I decided to rebuild my server's OS which was bogging down like crazy. So I installed 6.11 to a USB device and fired it up. Things seemed fine - I installed a few essential plug-ins, notably Nvidia Drivers. Then later in the day I rebotted the server and it wouldn't properly boot. Hasn't been able to boot since. The motherboard is a Supermicro X11SSM-F.

 

I read up a lot on possibilities about why it might not boot. I thought maybe it was hanging trying to install the Nvidia driver.

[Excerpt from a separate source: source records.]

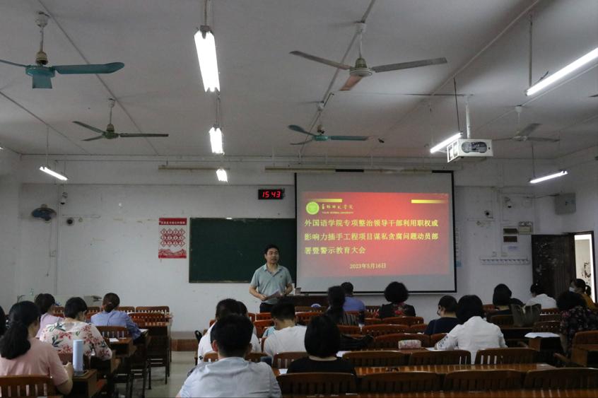 5月16日下午,167net必赢入口于我校东校区厚德1-301教室召开专项整治领导干部利用职权或影响力插手工程项目谋私贪腐问题动员部署暨警示教育大会。本次会议由167net必赢入口党委书记梁国初主持,全体教职工参加。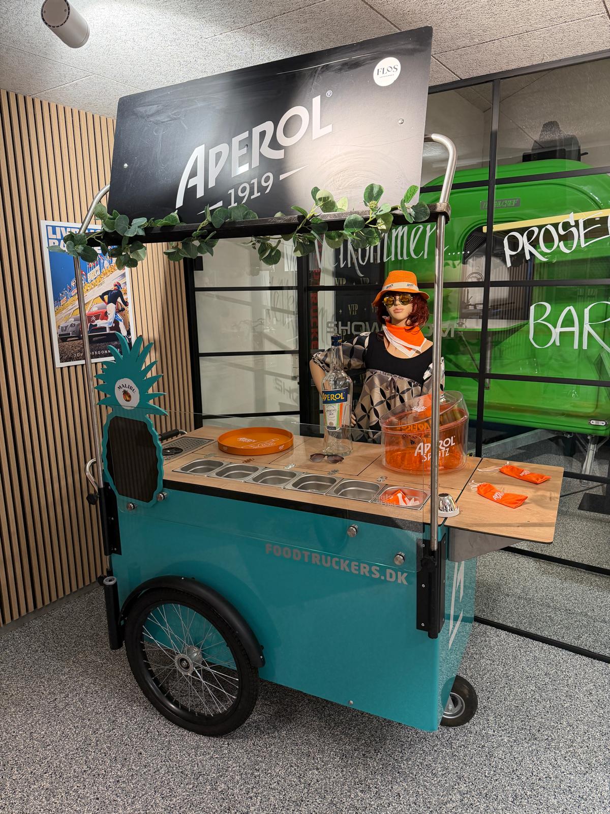 Paul & Ernst Beverage Bike/Beer Bike. Super fin bar vogn med fadølshane, samt plads til 2 fustager og kulsyre. Cyklen er el-drevet, så den er til at køre på. Batteri på køleren, så du er uafhængig af strøm i ca. 6 timer. Arbejdsbordet som slås op over siddepladsen når der holdes stille.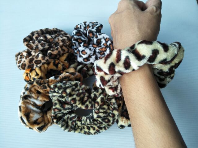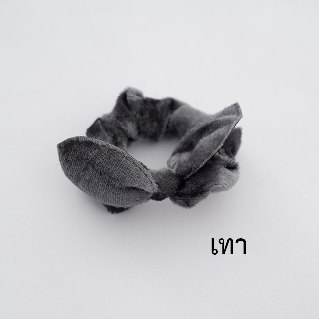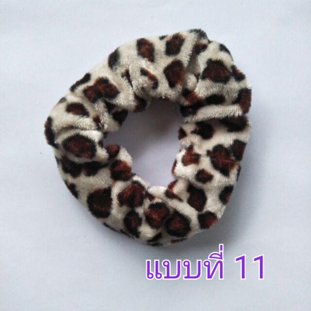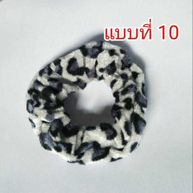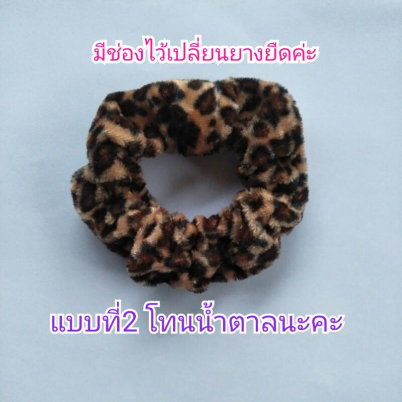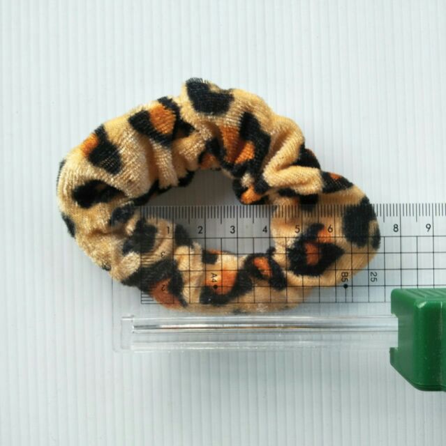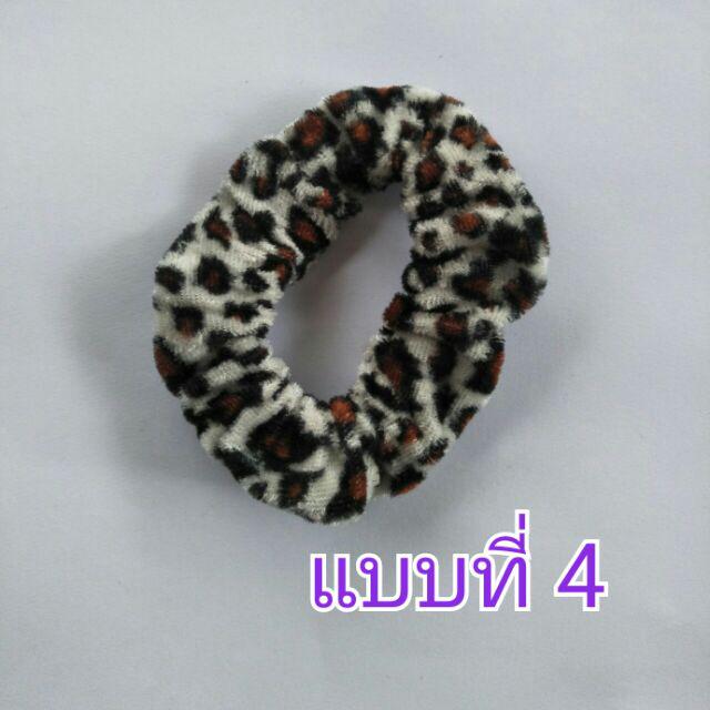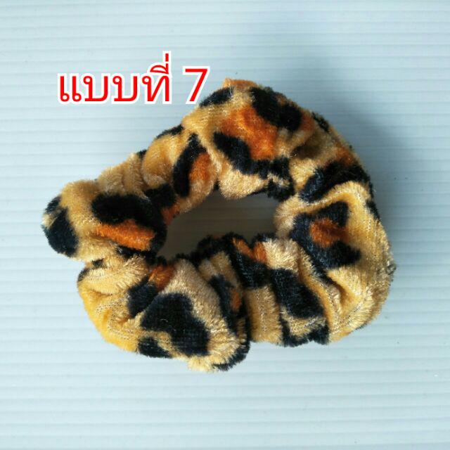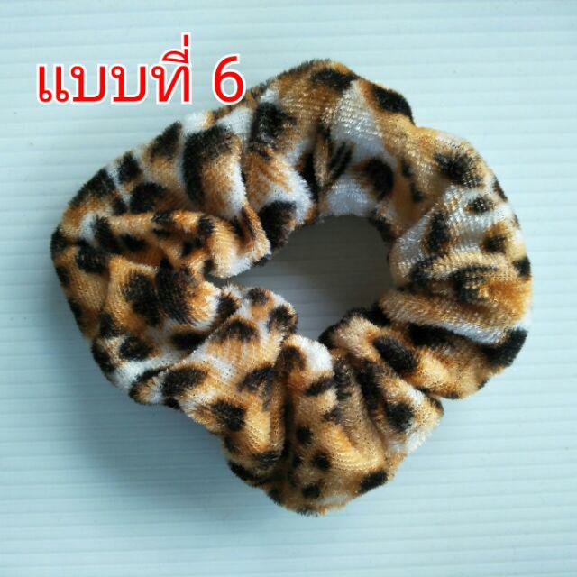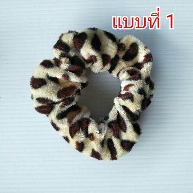 โดนัทลายเสือ กำมะหยี่โบว์ ยางรัดผมยางยืดปลายลูกปัด (1 ชิ้น)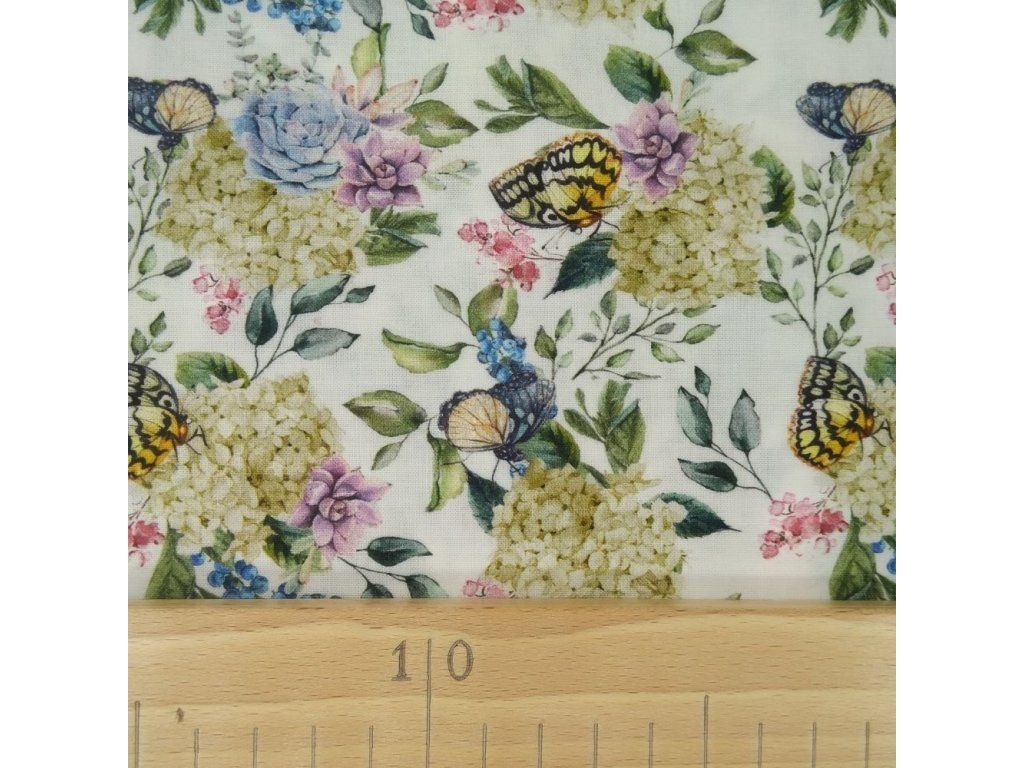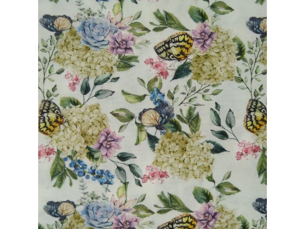 Bavlněná látka Motýli na květech - digitální tisk

But since I can't get into the system anymore and can't SSH in, I'm not able to fix it.

 

Safe mode doesn't help, etc.

 

I have since tried booting the system with: 


different RAM (ECC and non-ECC)
different DIMM slots
different USB devices (identical devices which used to work fine)
different USB ports
USB3
USB2
using a backup of my OS before the crash
installing various other Unraid builds
ethernet plugged in
ethernet unplugged
removing the video card
Various UEFI options, including EFI and Legacy boot
hard drives
no hard drives

 

EDIT (additional info): It's worth noting about the RAM...the server originally had two 16GB ECC DIMMs in it (some years ago). At some point in the distant past one of the sticks just stopped showing up so I could only see 16GB total...even in the UEFI. So when I was troubleshooting all of this all day I was able to get the UEFI to see 32GB in a lot of different slot combinations. But when troubleshooting I tried each stick in each slot separately...no avail.

 

In every case the system hangs, usually on random stuff. I worked on this for about 10 hours today and made no progress.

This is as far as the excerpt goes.